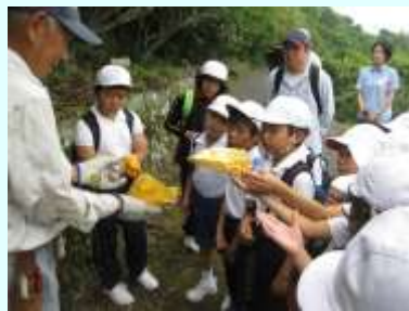
びわ収穫体験活動
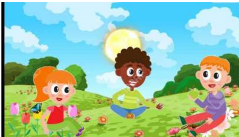
Ilustración 16 A tomar distancia
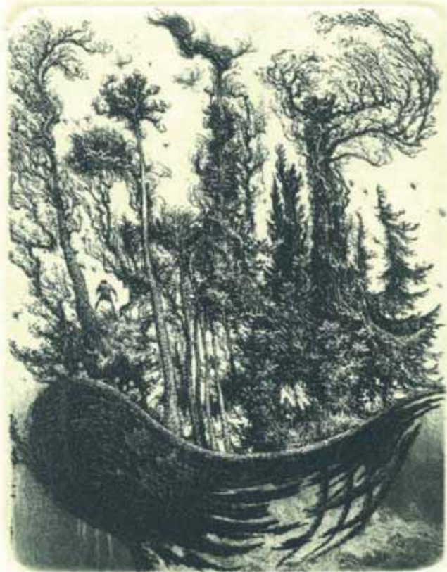
Albín Brunovský, vlastní novoročenka, C3, 1991
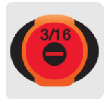
Marcado y código de color para fácil identificación de medida y punta
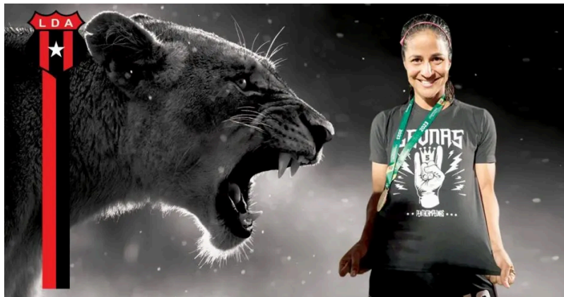
Shirley Cruz, leyenda, alzó la Quinta Copa Shirley Cruz, leyenda, alzó la Quinta Copa
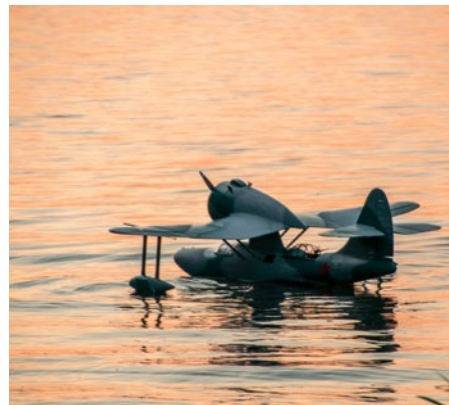
Jedem sein Wasserflugzeug
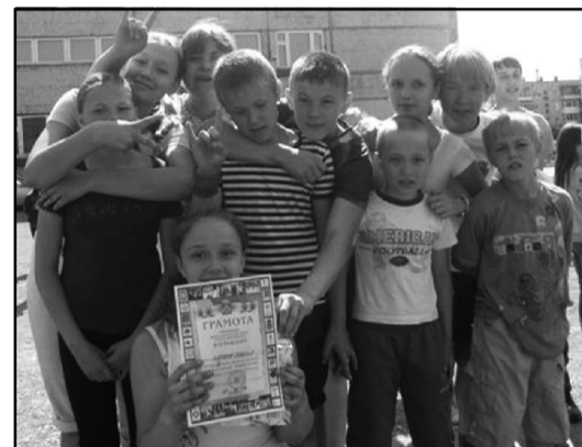
Команда школы №8 - серебряный призер спортивного праздника Большой хоровод

Все победители и призеры награждены грамотами МКУ «УФК, -СимП» и сладкими призами.
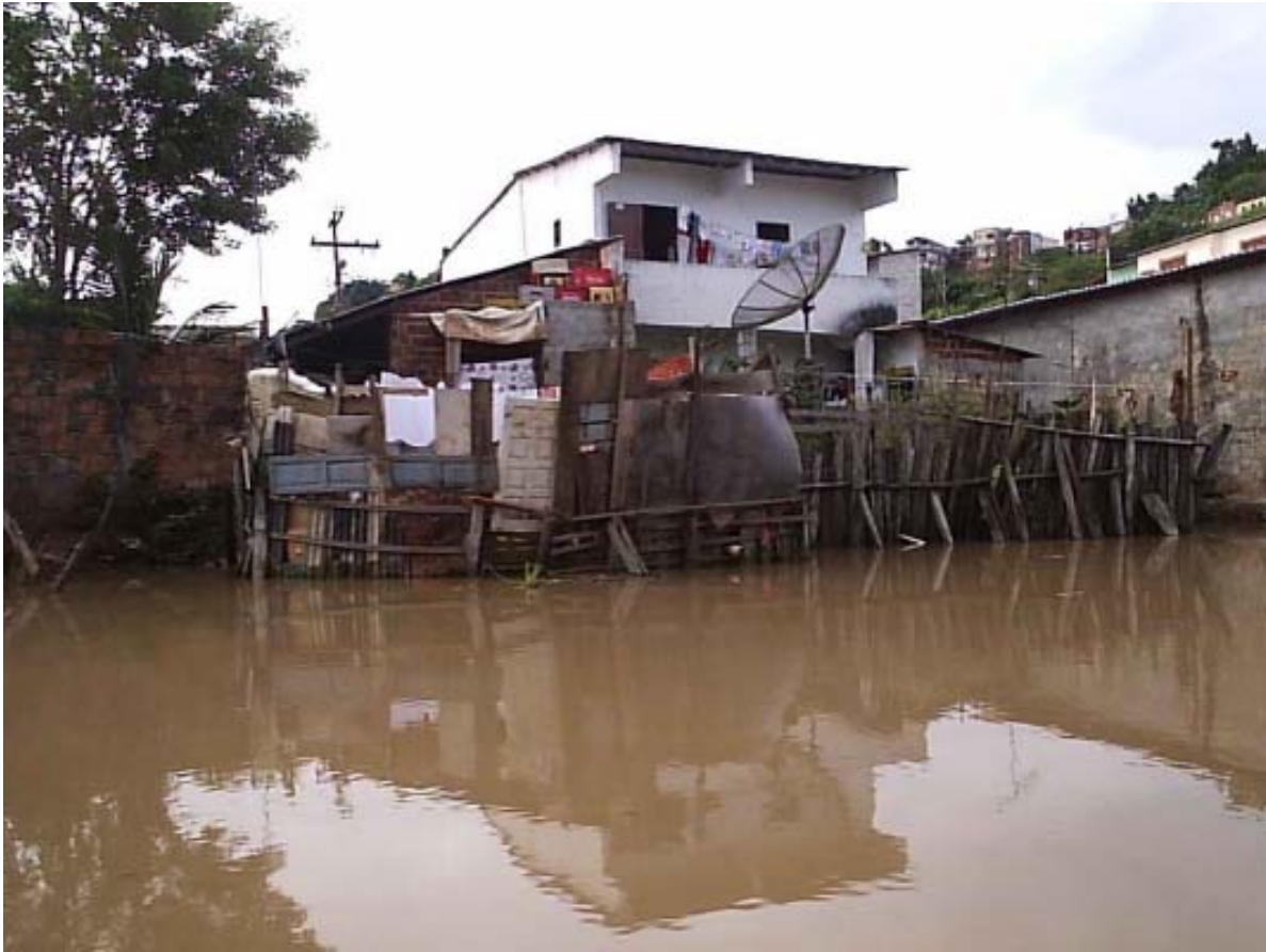
Figura 5. Impacto da urbanização descontrolada em um canal estuarino próximo ao centro da cidade de Ilhéus, Brasil. Figure 5. Uncontrolled urbanization in an estuarine channel near Ilhéus central area, Brazil.

Cachoeira foram realizadas coletas inclusive na área urbana, como as avenidas Sapetinga, 2 de Julho, Lomanto Júnior, praia do Cristo e praia da Maramata (ver coordenadas geográficas no anexo). As coletas efetuadas durante a baixamar foram realizadas manualmente e com o auxílio de armadilhas artesanais como a siripóia (equipamento artesanal para pesca de siris). Procurou-se abranger todos os microhabitats do ambiente estuarino, tais como tocas escavadas na areia e lama, folhas e troncos em processo de decomposição, raízes e troncos das árvores do mangue, sob e sobre pedras, em bancos de algas, mexilhões e ostras.
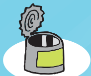
KONTSERBA-POTEA 10-100 urte
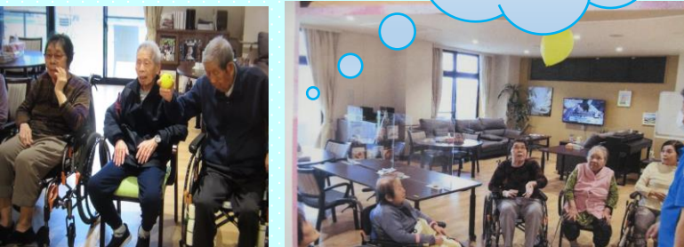
風船パレーと ボールでペット ボトル倒し
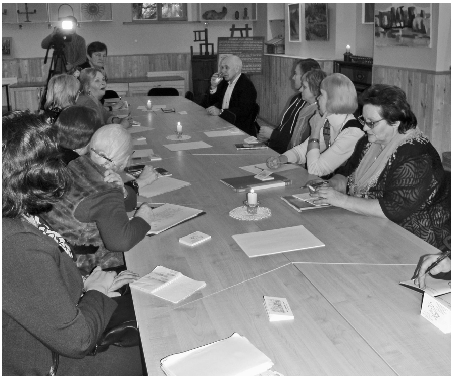
Visu novadu pārstāvji cītīgi diskutē par Sēlijas kultūras vērtību grāmatas izveidi

Šīs grāmatas galvenais mērķis – apkopot visu novadu iesūtītos tekstus un foto, radīt vienotu, kopīgu materiālu par Sēlijas septiņiem novadiem (Ilūkste, Aknīste, Jēkabpils, Viesīte, Sala, Nereta un Jaunjelga-
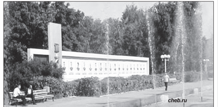
● Стела героев-чебоксарцев, стоявшая в сквере до 2008 года.
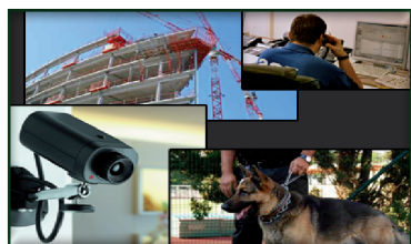
Renforcement des mesures destinées à protéger les bâtiments et les entrepôts
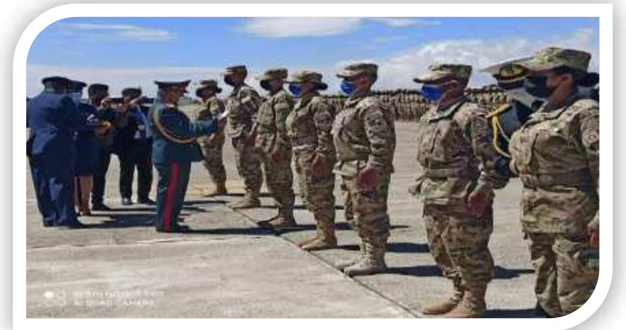
Licenciamiento Premilitares Cat. 2021-2022
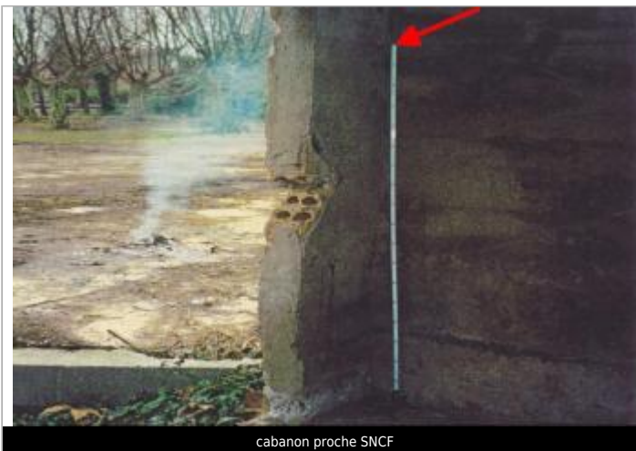
cabanon proche SNCF

Coordonnées WGS84 : X: 2.75793110 / Y: 43.19725300
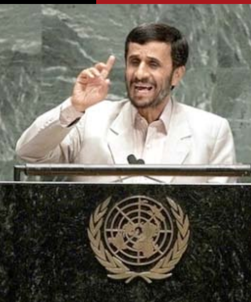
Ahmadinejad at UN

La mayor amenaza para la paz y la estabilidad no es Irán sino un Israel nuclear.
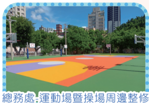
總務處-運動場暨操場周邊整修工程-籃球場
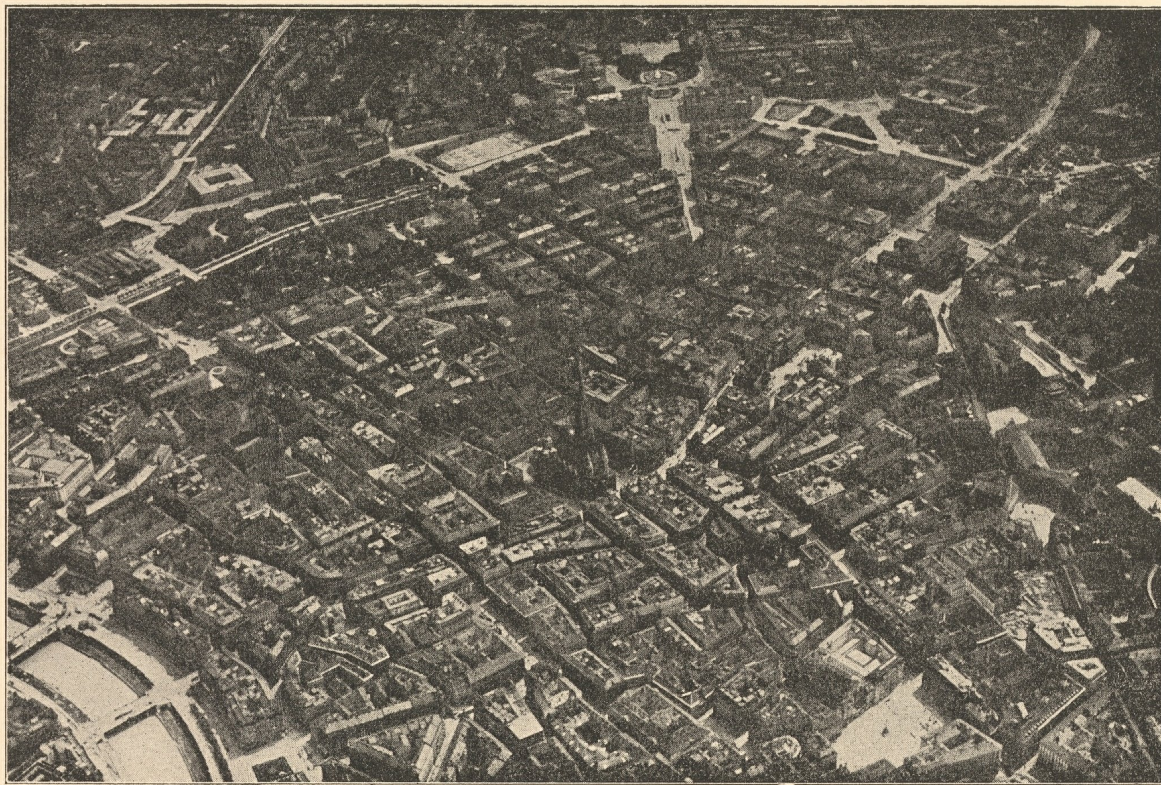
Vogelschau der Altstadt von Wien (I. Bezirk) im Jahre 1918.

Der vorliegende Plan gibt das Gegenteilbild der Stadt Wien im Grundriß und dient vor allem zum Vergleichsblatt für die vorausgehenden historischen Gesamtaufnahmen; er wird ergänzt durch die rechte Hälfte unserer Tafel I, welche das oberirdische Bodenbild und das unterirdische Kanalnetz des gegenwärtigen Wiener Siedlungsgebietes darstellt.
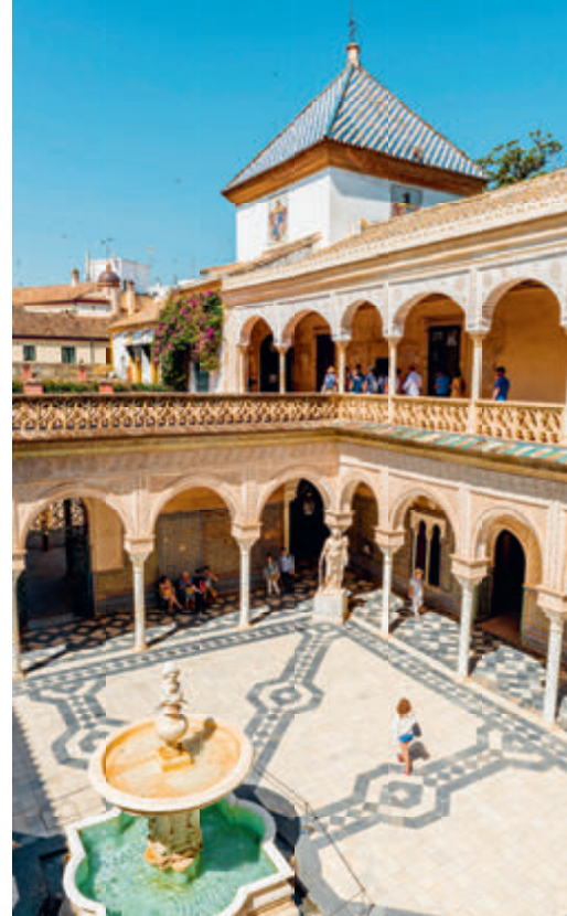
↑ Patio Principal bij Casa de Pilatos, een filmlocatie van David Leans Lawrence of Arabia (1962)

U komt binnen door een marmeren portaal, dat de markies in 1529 in Genua bestelde. Tegenover het met bogen omgeven erf voor koetsen ligt de Patio Principal. Deze binnenplaats is in mudéjarstijl uitgevoerd, versierd met azulejos en fijn stucwerk. Hij wordt omringd door arcaden en bekroond door gotische balustraden. In de hoeken staan drie Romeinse beelden, Minerva, een dansende muze en Ceres, en een vierde beeld, van de Griekse godin Athene uit de 5de eeuw v.C. In het
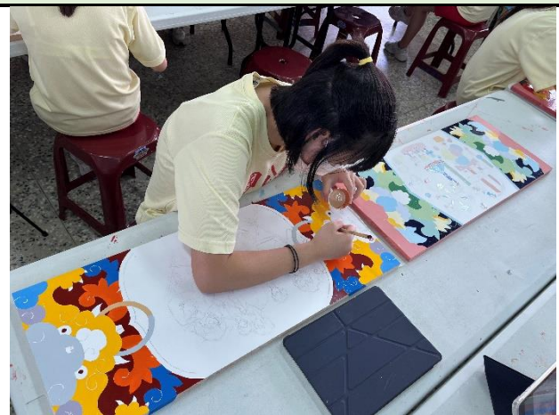
112/5/2 學生繼續進行堵頭彩繪
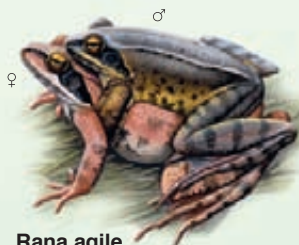
Rana agile Rana dalmatina
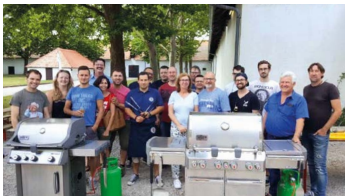
Schnell ausgebucht waren beide Grillkurse dieses Sommers
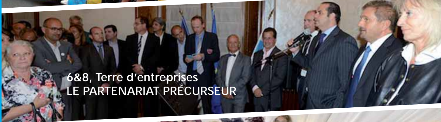
6&8, Terre d'entreprises LE PARTENARIAT PRÉCURSEUR
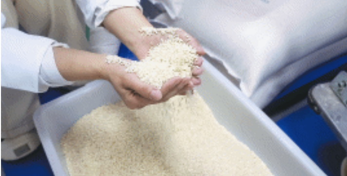
用于生产米粉的早籼米品种。

实现一粒稻谷到一袋米粉“生产+加工+销售”全产业链发展，白箬铺走出了自己的路子。
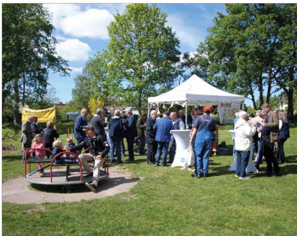
Reichlich Gäste beim Spatenstich

ländliche Räume und Integration in Kiel die Umgestaltung fördert. Die Fördermittel in Höhe von 590.000 € werden zu gleichen Teilen von Bund, Land und der Hansestadt Lübeck getragen. Senatorin Hagen war stolz, dass sich Moising mit dem Spatenstich zu einem tollen großen Projekt am bundesweiten „Tag der Städtebauförderung“ beteiligte und zeitgleich mit anderen Kommunen und Städten auf Veränderungen in der Stadt aufmerksam machte. Bürgermeister, Senatorin und MoisingerInnen kamen zu Gesprächen an der neuen mobilen Bar zusammen, die Kinder und Jugendliche des Freizeitzentrums gebaut hatten. Es gab leckeren regionalen Apfelsaft vom Musterbiotop am Moisinger Baum und viele Informationen zum geplanten Bauablauf.
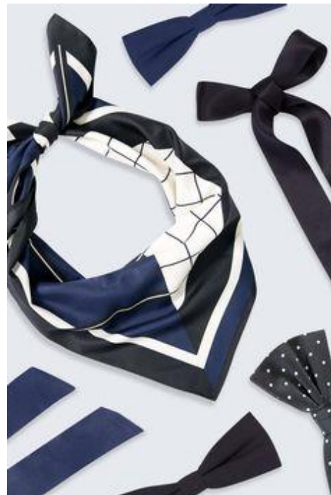
Metson oma tuubihuivi ja esimerkki bandana-tyylisestä huivista
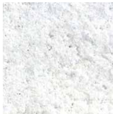
PIETRA RICOSTITUITA A GRANA FINE - COL. BIANCO cod. 78

RECONSTITUTED FINE GRAINED STONE - COL. WHITE cod. 78
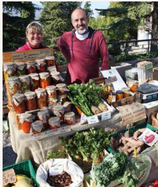
Sudjeluju proizvođači iz cijele zemlje
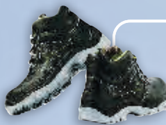
Ботинки кожаные на двуслойной подошве из полиуретана и термополиуретана (ПУ/ТПУ)

————

Your task >> Task for the records above: copy every line in which the word "FINE" occurs.

Exercise result >>
PIETRA RICOSTITUITA A GRANA FINE - COL. BIANCO cod. 78
RECONSTITUTED FINE GRAINED STONE - COL. WHITE cod. 78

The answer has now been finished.